Se o problema do crescimento da obesidade entre populações de baixa renda já nos fez rever conceitos pré-estabelecidos sobre o padrão de alimentação nacional (http://cronicasdejuvenal.blogspot.com/2011/08/disseram-que-eu-voltei-americanizada.html), eis que o tema da alimentação nos convida mais uma vez ao exame de prioridades nacionais. Desta vez, o foco da atenção é o auxílio que será oferecido pelo poder público aos produtores de arroz no Rio Grande do Sul.

Notícia publicada hoje na Folha Online anuncia que "na tentativa de salvar a economia de partes do Sul do país, o governo federal vai começar a direcionar o arroz produzido para a alimentação de animais" (http://www1.folha.uol.com.br/mercado/960824-para-segurar-preco-arroz-e-dado-aos-animais.shtml; mas já vou logo avisando que a íntegra da matéria está disponível apenas para assinantes).

Que o governo federal queira ajudar os arrozeiros, que afirmam sofrer com o ônus das supersafras e ver o preço do seu produto rebaixado para um nível abaixo do preço de custo pelo mercado, vá lá. E que o governo federal pareça estar preocupado com a saúde das aves e suínos deste país, ainda é aceitável.

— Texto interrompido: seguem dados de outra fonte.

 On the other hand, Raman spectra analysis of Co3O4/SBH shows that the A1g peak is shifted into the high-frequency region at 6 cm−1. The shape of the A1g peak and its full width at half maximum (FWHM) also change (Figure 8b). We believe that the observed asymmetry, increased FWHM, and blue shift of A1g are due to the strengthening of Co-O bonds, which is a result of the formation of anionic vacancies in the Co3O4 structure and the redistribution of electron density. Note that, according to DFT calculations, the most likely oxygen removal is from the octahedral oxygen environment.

Mas daí a querer presentear a indústria de aves e suínos com o arroz comprado com o dinheirinho suado dos nossos impostos, aí já é demais! O negócio é mais feio do que parece: segundo a Folha, dos R$ 60 milhões que o governo federal vai investir até o final deste mês, uma parte deles será destinada à compra de "um total de 500 mil toneladas" a ser "ofertado para indústrias de aves e suínos".

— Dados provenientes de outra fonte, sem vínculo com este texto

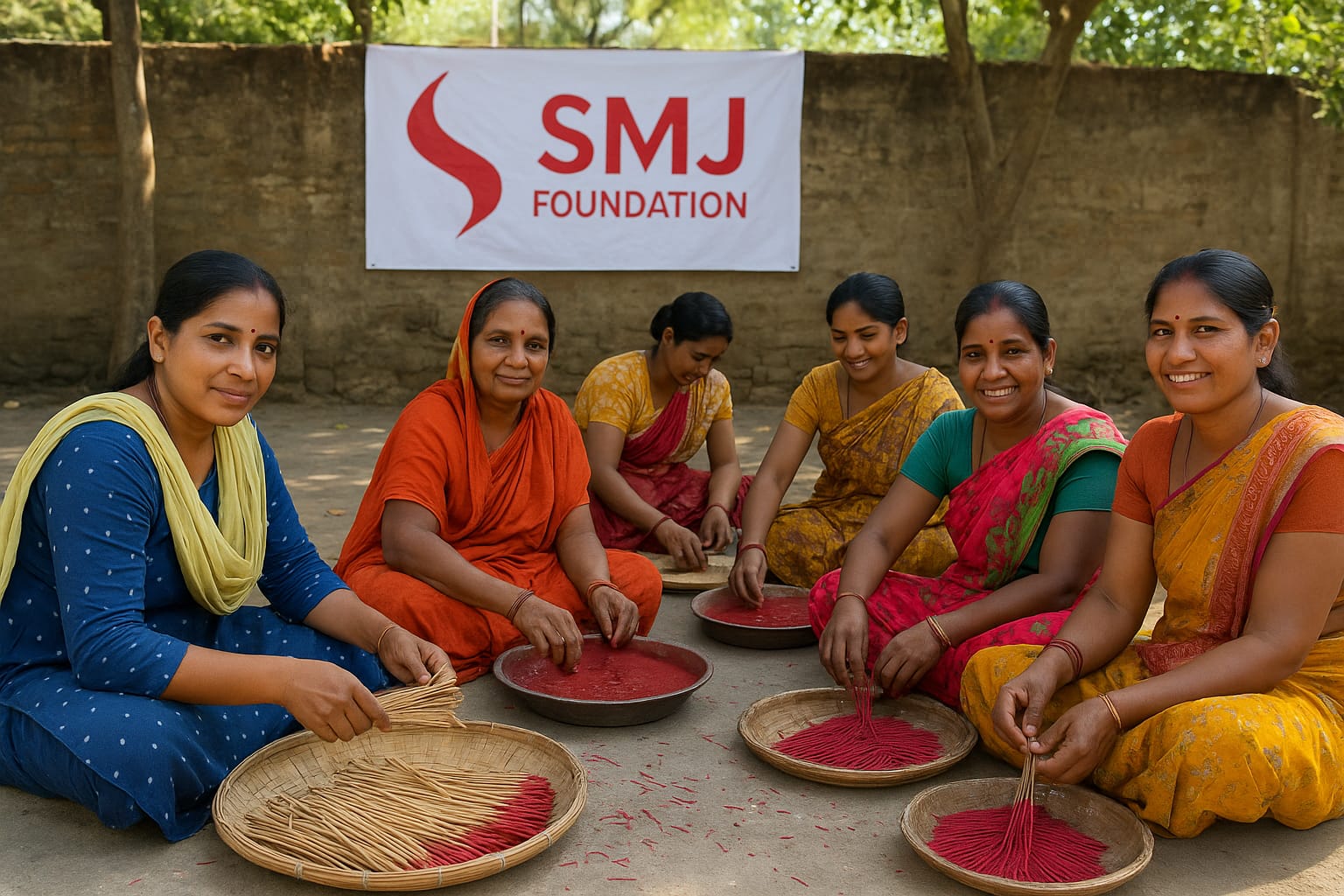 * महिलाओं और युवतियों के सशक्तिकरण के लिए SMJ Foundation उन्हें घर पर कुटीर उद्योग स्थापित करने हेतु प्रेरित करता है, ताकि वे घर बैठे पार्ट-टाइम कार्य करके अपनी आजीविका चला सकें और आर्थिक रूप से सशक्त बन सकें।

O problema não reside, a meu ver, na ajuda estatal aos produtores (isto, claro, se partirmos do pressuposto de que existe boa-fé na estipulação do preço de custo). O problema maior é o destino do arroz.

Para quem não sabe ou anda com a memória fraca, a erradicação da fome e da pobreza extrema até 2015 é um dos objetivos fixados pelo governo brasileiro para o Terceiro Milênio junto a instâncias internacionais (http://www.pnud.org.br/odm/objetivo_1/). Dentre os indicadores utilizados para se avaliar se o objetivo foi alcançado (ou não) estão: a) disponibilidade de kcal para consumo da população; b) prevalência de crianças (com menos de 2 anos de idade) abaixo do peso, por Regiões; c) prevalência de adultos (20 anos ou mais de idade) abaixo do peso.

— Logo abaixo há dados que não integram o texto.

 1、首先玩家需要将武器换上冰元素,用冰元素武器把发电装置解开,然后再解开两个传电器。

Ora, em um país que, em 2008, possuía 8,9 milhões de brasileiros "com renda domiciliar inferior a US$ 1,25 por dia" (dados do PNUD), o custo do quilo de arroz tem impacto direto nesses três indicadores. Assim sendo, dar arroz para os porcos - com todo o respeito que tenho pelos mesmos - é mais do que um luxo: é uma inversão de prioridades. E nem precisa ter uma imaginação muito poderosa para pensar em um destino mais austero para tanto arroz: merenda escolar, por exemplo, seria um destino mais que razoável.

E já que estamos falando de metas difíceis de serem cumpridas, aqui vai mais uma: a Campanha Nacional pelo Direito à Educação (CNDE) alerta que, para o governo federal cumprir as metas do Novo Plano Nacional de Educação, "serão precisos R$ 100 bilhões a mais do que o previsto" para todo o decênio (http://oglobo.globo.com/educacao/mat/2011/08/17/para-cumprir-metas-do-novo-pne-serao-precisos-100-bilhoes-mais-do-que-preve-mec-diz-estudo-925144157.asp#ixzz1VJrElFGc). Ou seja, para se alcançar o patamar desejado, seria necessário destinar 10% do PIB, e não os atuais 7%, para a educação.

Diante da discrepância entre a realidade concreta e as metas estabelecidas, fica aqui uma nítida impressão: porcos e aves gordinhos e saudáveis, porque alimentados com arroz, serão os melhores candidatos a se sentarem nos bancos escolares nos próximos dez anos. E há quem diga que o que é do homem, o bicho não come!